I’ve been hacking on my copy of pynacl this week. pynacl is a set of Python bindings to the NaCl cryptography library (by djb and friends). The bindings, first written by Sean Lynch and then picked up by “k3d3”, are great. They even support py2.6 through py3.2.
But actually building them is a hassle, because the NaCl build process is so idiosyncratic. It consists of a 500-line undocumented shell script named “do”, and running it gets you 25 minutes of 100% CPU that executes in stony silence (all progress messages are redirected to a logfile). If you can wait that long, and think to explore the directory afterwards, you’ll be rewarded with a build/HOSTNAME/ directory that contains a libnacl.a and a set of header files that are pretty easy to use.
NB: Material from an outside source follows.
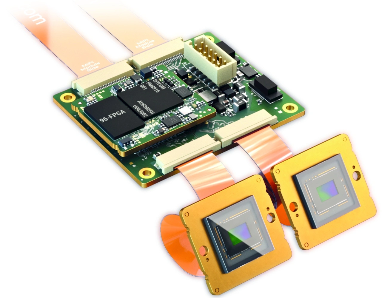 Für mehr Flexibilität und die gesamte Bandbreite von Vision-Anwendungen bestehen Embedded-Vision-Systeme meist aus einem Kameramodul mit Bildsensor und einem Prozessor-Board. Es verarbeitet einerseits die Bilddaten, übernimmt aber gleichzeitig auch die Funktionen der Kundenanwendung – also auch hier wieder an die Applikation angepasst. Je nach Anwendung lässt sich der Bildsensor beispielsweise per MIPI-CSI-2-Schnittstelle anbinden. Dafür gibt es von VC ein breites Sortiment von MIPI-Modulen. Alternativ kann der Bildsensor auch direkt auf dem Prozessor-Board bestückt sein.

What’s actually going on behind the scenes is that the script is exhaustively compiling and testing a large matrix of compiler flags (-O vs -O3 vs -O3 -funroll-loops), ABI variants, and alternative implementations. The goal is apparently to:
- select the fastest possible implementation and compiler options, using any assembly-language tricks specific to the processor (SSE3, etc)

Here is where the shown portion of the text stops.